▶ **Task item**
From the data below, return only the lines from the one with "娘子關(guān)瀑布也名飛" through the one with "BUSI 530 Chapter", exact and inclusive, with pictures left out.

▶ **Data for review**
-*-

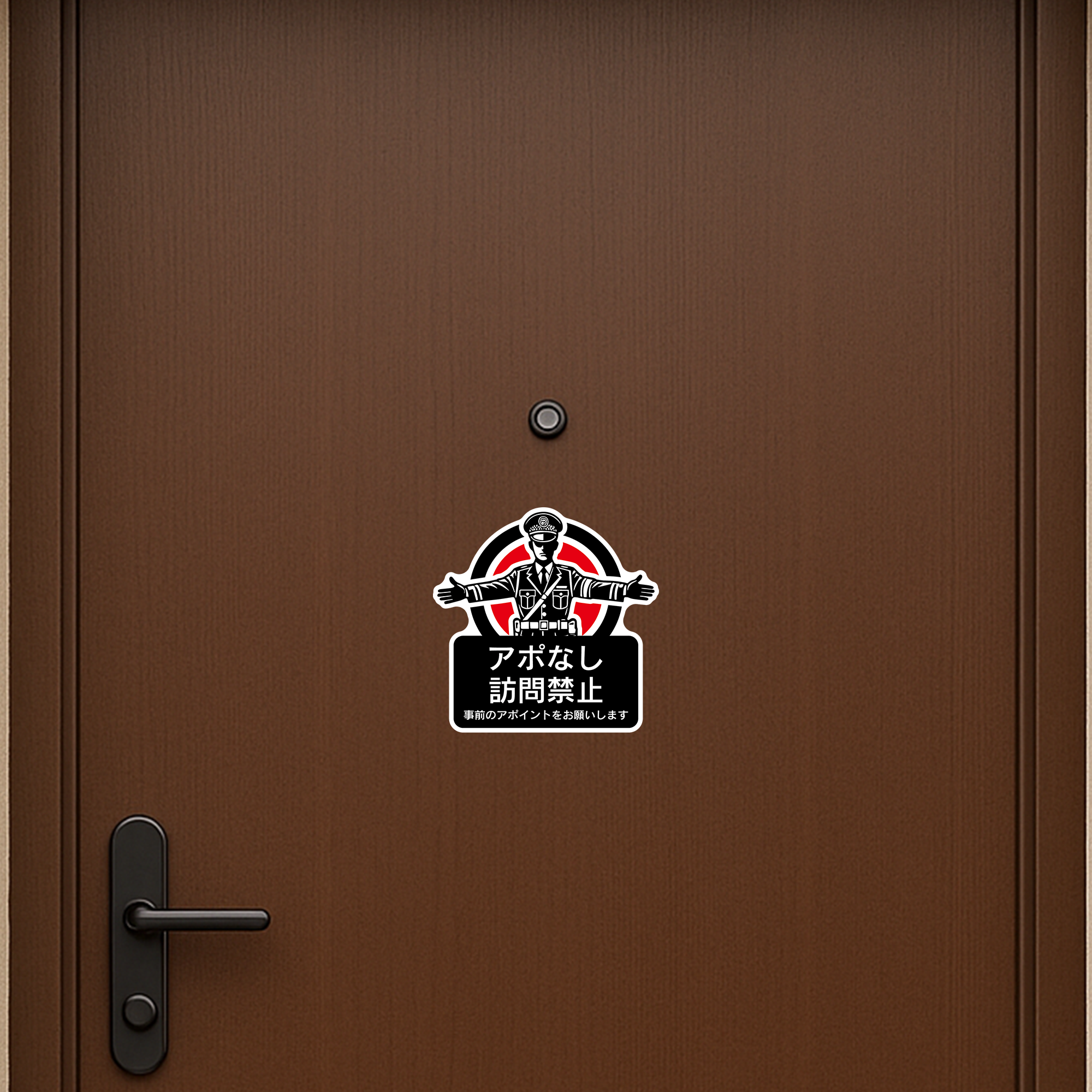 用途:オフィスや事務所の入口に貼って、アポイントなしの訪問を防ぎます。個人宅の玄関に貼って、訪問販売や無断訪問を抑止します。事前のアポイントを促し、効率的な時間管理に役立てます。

-*-

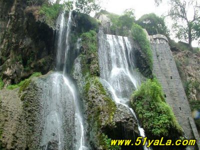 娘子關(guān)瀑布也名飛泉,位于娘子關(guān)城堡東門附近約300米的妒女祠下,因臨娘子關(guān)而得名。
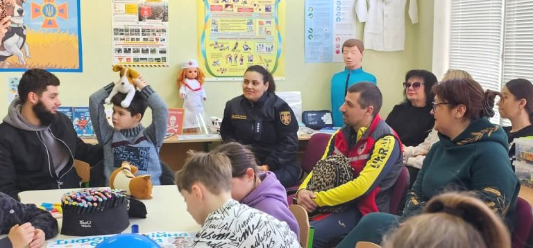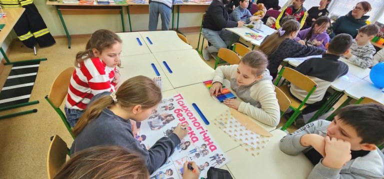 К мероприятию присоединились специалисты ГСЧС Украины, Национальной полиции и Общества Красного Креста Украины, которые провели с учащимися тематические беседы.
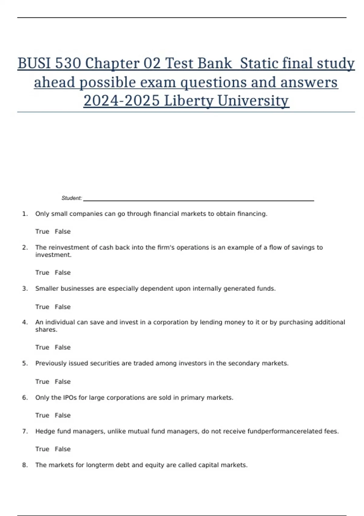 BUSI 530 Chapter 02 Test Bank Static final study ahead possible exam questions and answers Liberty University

-*-

▶ **Finished task**
 娘子關(guān)瀑布也名飛泉,位于娘子關(guān)城堡東門附近約300米的妒女祠下,因臨娘子關(guān)而得名。
 К мероприятию присоединились специалисты ГСЧС Украины, Национальной полиции и Общества Красного Креста Украины, которые провели с учащимися тематические беседы.
 BUSI 530 Chapter 02 Test Bank Static final study ahead possible exam questions and answers Liberty University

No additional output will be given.